[Stored data entries]
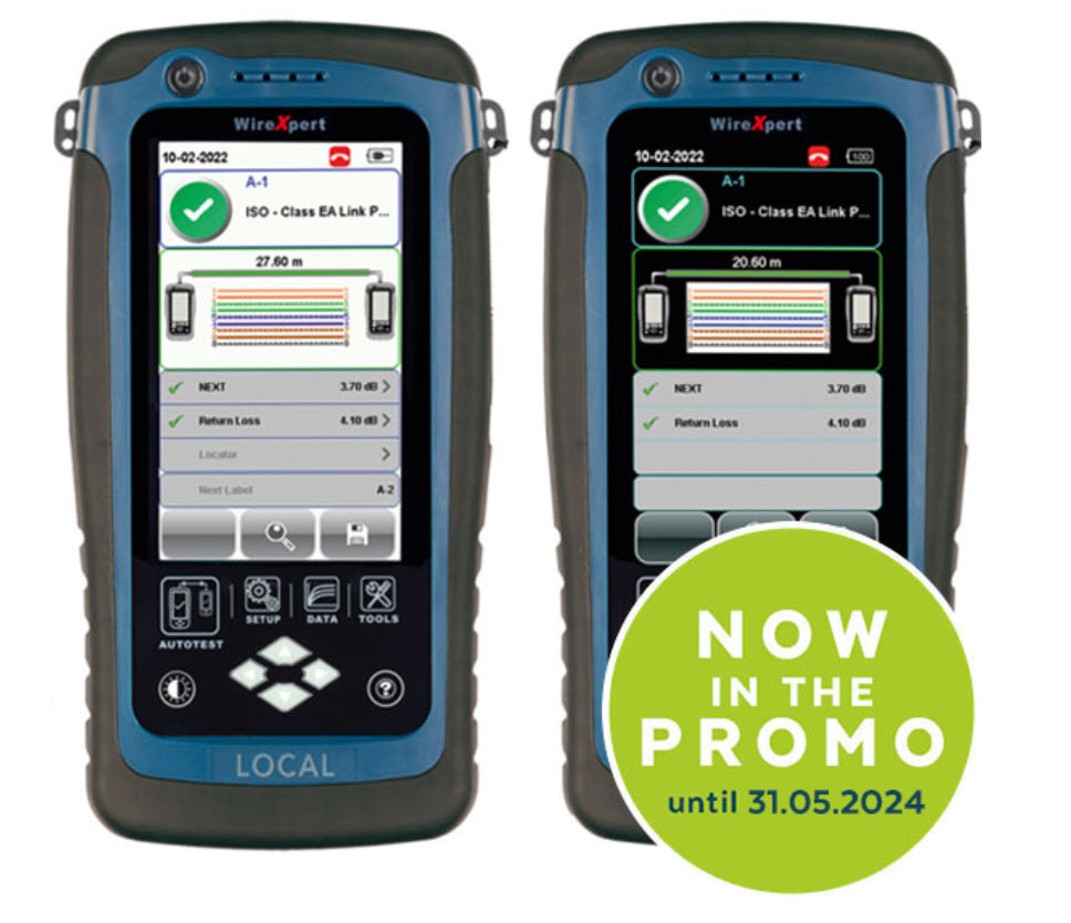 WireXpert gir sertifisering i henhold til Cat 6/Cat 6A/Class EA og støtter sertifisering av fiberoptiske installasjoner som opererer ved 850/1300nm og 1310/1550nm. En rekke adaptermoduler for kabeltesting er tilgjengelige for koaksial, M12-D-kodet og X-kodet.
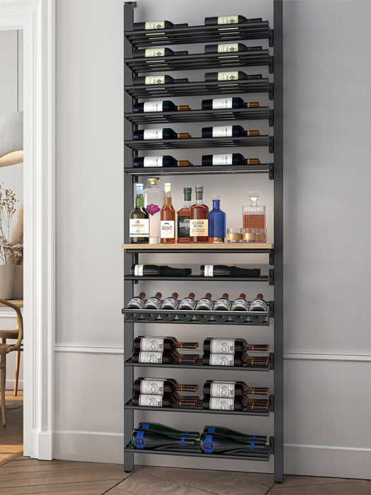 Made of aluminum, this collection's sturdiness is matched by the elegance of its clean lines. It offers impressive arrangement possibilities and great flexibility in bottle presentation. Ideal for the cellar or glass wine cellar, its configurations are equally suited to small spaces and large-scale layouts.
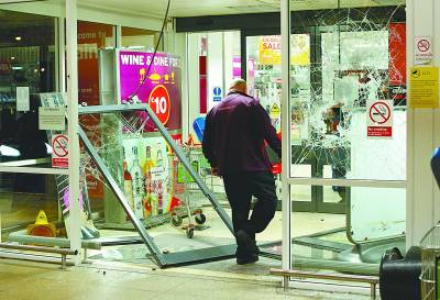 一些示威者围攻警察期间,另有不少示威者砸碎已打烊商铺的玻璃橱窗,爬入商铺内劫掠。英国当地媒体报道,至少数十家商铺遭人抢劫。一些目击者报告,看见示威者推着满载商品的手推车奔离现场。
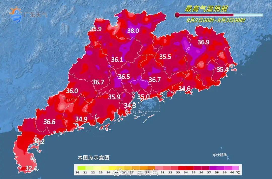 9月2日-3日,全省大部多云到晴,午后局部有(雷)阵雨。最高气温:沿海市县33℃~35℃,其余市县普遍介于35℃~38℃。
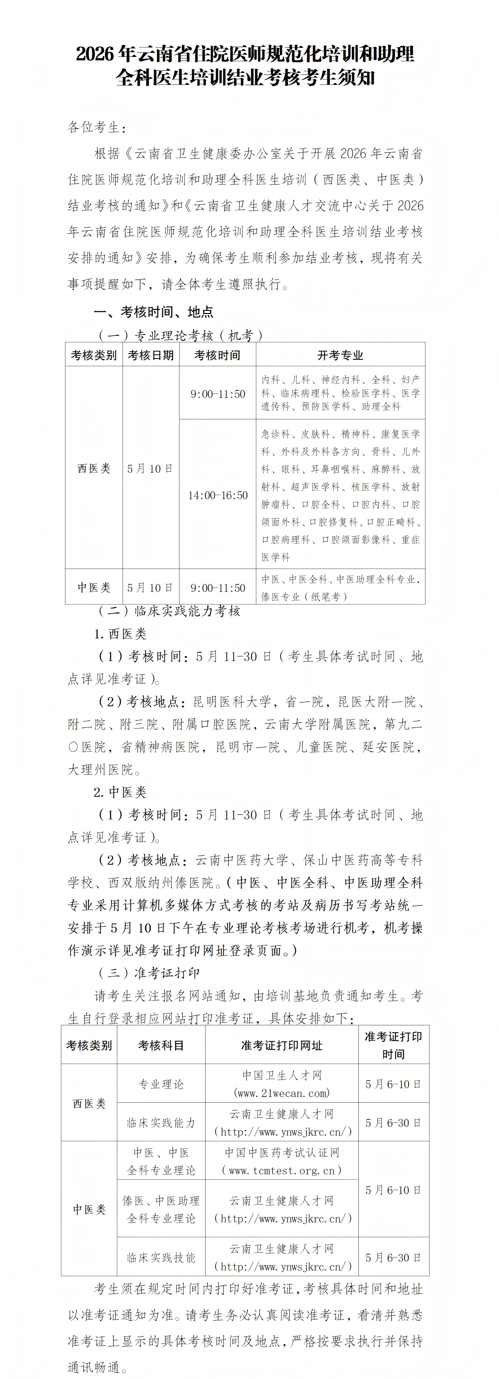 2026年云南省住院医师规范化培训和助理全科医生培训结业考核考生须知
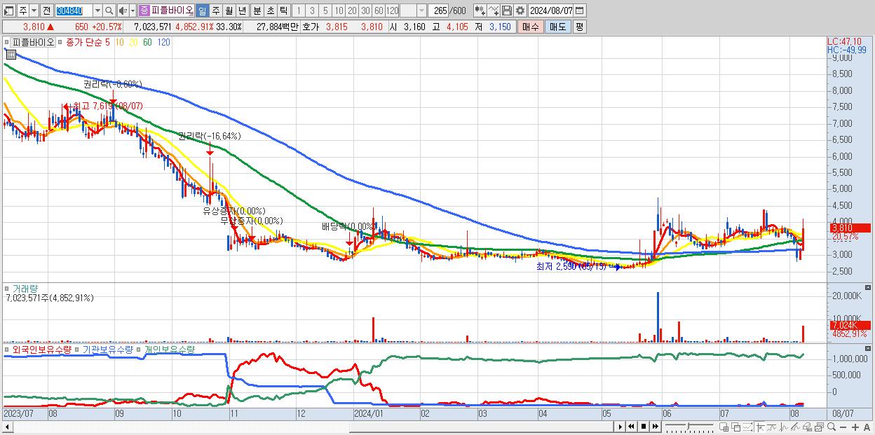 - 피플바이오 (3,810원 ▲ 20.57% , 시총: 804억, 거래량: 7,023,571, 거래대금:279억)
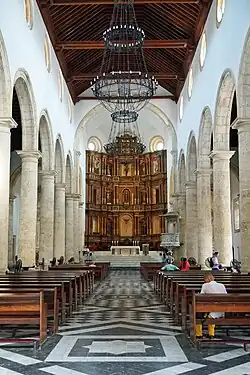 The current cathedral concerns the third building built as a cathedral church in the city. The first one was promoted by the Dominican friar Tomás de Toro y Cabrero, first bishop of Cartagena, and who was named by Pope Paul III. The construction of the temple began in 1535, only two years after the founding of the city, and ended in 1537.[4] It was a humble construction of "thatched roof and reeds", and was located in the block that is behind the present cathedral, with front on the street calle del Coliseo. The life of this building was short, for in 1552 a fire consumed much of the city and in ruins, the cathedral was converted.[4] In its replacement, between 1563 and 1568, the construction of the second cathedral temple was carried out, realized in wood and of thatched ceiling, because were difficult times and it did not have many resources, but was more solid than the previous one. From this second temple, a modest trace is preserved in the General Archive of the Indies and a physical remnant of its bulrush.[4]
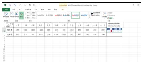 如图所示的“2015年月份销售盈亏表”,可以在表中插入一图表,让表格更加直观,一目了然各个月的波动。
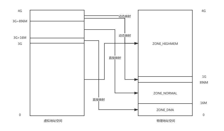 因为内核的虚拟地址空间只有1GB,但是需要访问整个4GB的物理空间,因此从物理地址0~896MB的部分,直接加上3GB的偏移,就得到了对应的虚拟地址,这种映射方式被称为线性/直接映射Direct Map。
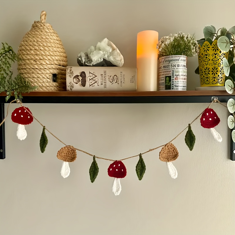 TEMU 수제 크로셰 버섯 가랜드 - 빨간색과 녹색 잎사귀, 전기 불필요, 자연스러운 감성의 벽 장식, 거실·침실·주방용 내구성 있는 패브릭 홈 액센트, 요정 스타일, 공예품
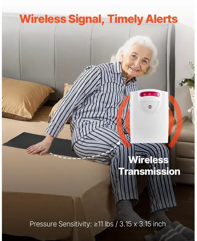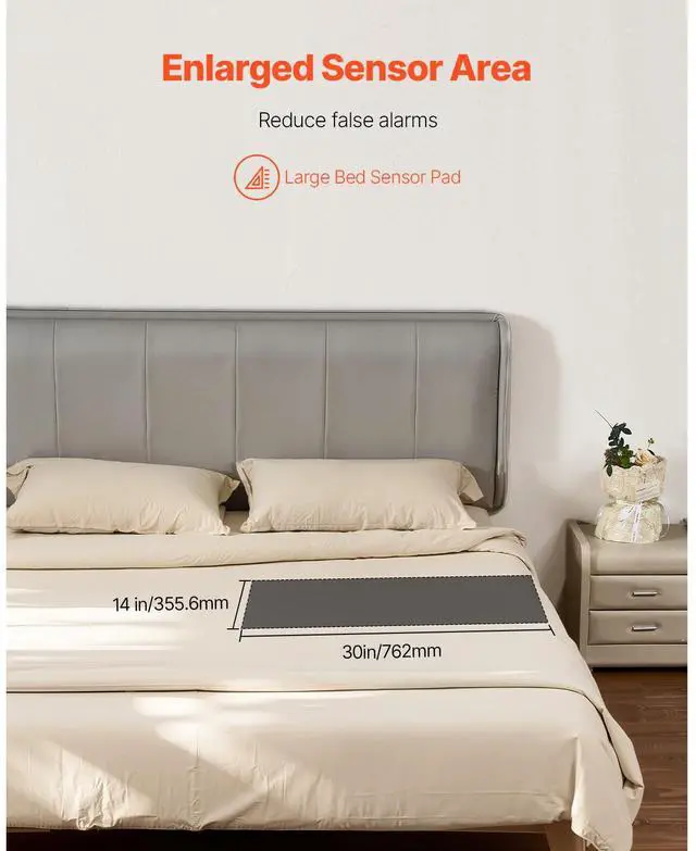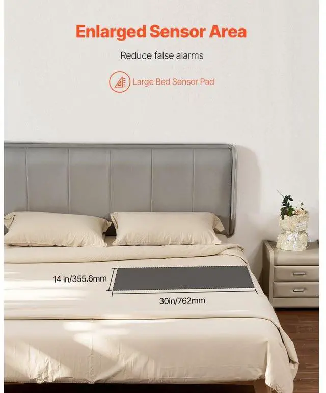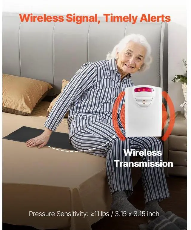 Bed Alarm System for Elderly Adults 14" x 30" Wireless Bed Sensor Pad with Pager
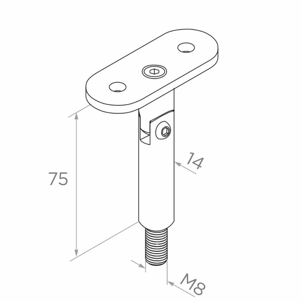 Scharnierstang leuninghoudsteun ø 14×75 mm met platte plaat – AISI 304 satijn, draad M8

▶ _EXERCISE DESCRIPTION_
The copy you give must run from the line containing "The current cathedral" through the last line of the records, exactly, with the pictures left out.

▶ _TASK RESPONSE_
 The current cathedral concerns the third building built as a cathedral church in the city. The first one was promoted by the Dominican friar Tomás de Toro y Cabrero, first bishop of Cartagena, and who was named by Pope Paul III. The construction of the temple began in 1535, only two years after the founding of the city, and ended in 1537.[4] It was a humble construction of "thatched roof and reeds", and was located in the block that is behind the present cathedral, with front on the street calle del Coliseo. The life of this building was short, for in 1552 a fire consumed much of the city and in ruins, the cathedral was converted.[4] In its replacement, between 1563 and 1568, the construction of the second cathedral temple was carried out, realized in wood and of thatched ceiling, because were difficult times and it did not have many resources, but was more solid than the previous one. From this second temple, a modest trace is preserved in the General Archive of the Indies and a physical remnant of its bulrush.[4]
 如图所示的“2015年月份销售盈亏表”,可以在表中插入一图表,让表格更加直观,一目了然各个月的波动。
 因为内核的虚拟地址空间只有1GB,但是需要访问整个4GB的物理空间,因此从物理地址0~896MB的部分,直接加上3GB的偏移,就得到了对应的虚拟地址,这种映射方式被称为线性/直接映射Direct Map。
 TEMU 수제 크로셰 버섯 가랜드 - 빨간색과 녹색 잎사귀, 전기 불필요, 자연스러운 감성의 벽 장식, 거실·침실·주방용 내구성 있는 패브릭 홈 액센트, 요정 스타일, 공예품
 Bed Alarm System for Elderly Adults 14" x 30" Wireless Bed Sensor Pad with Pager
 Scharnierstang leuninghoudsteun ø 14×75 mm met platte plaat – AISI 304 satijn, draad M8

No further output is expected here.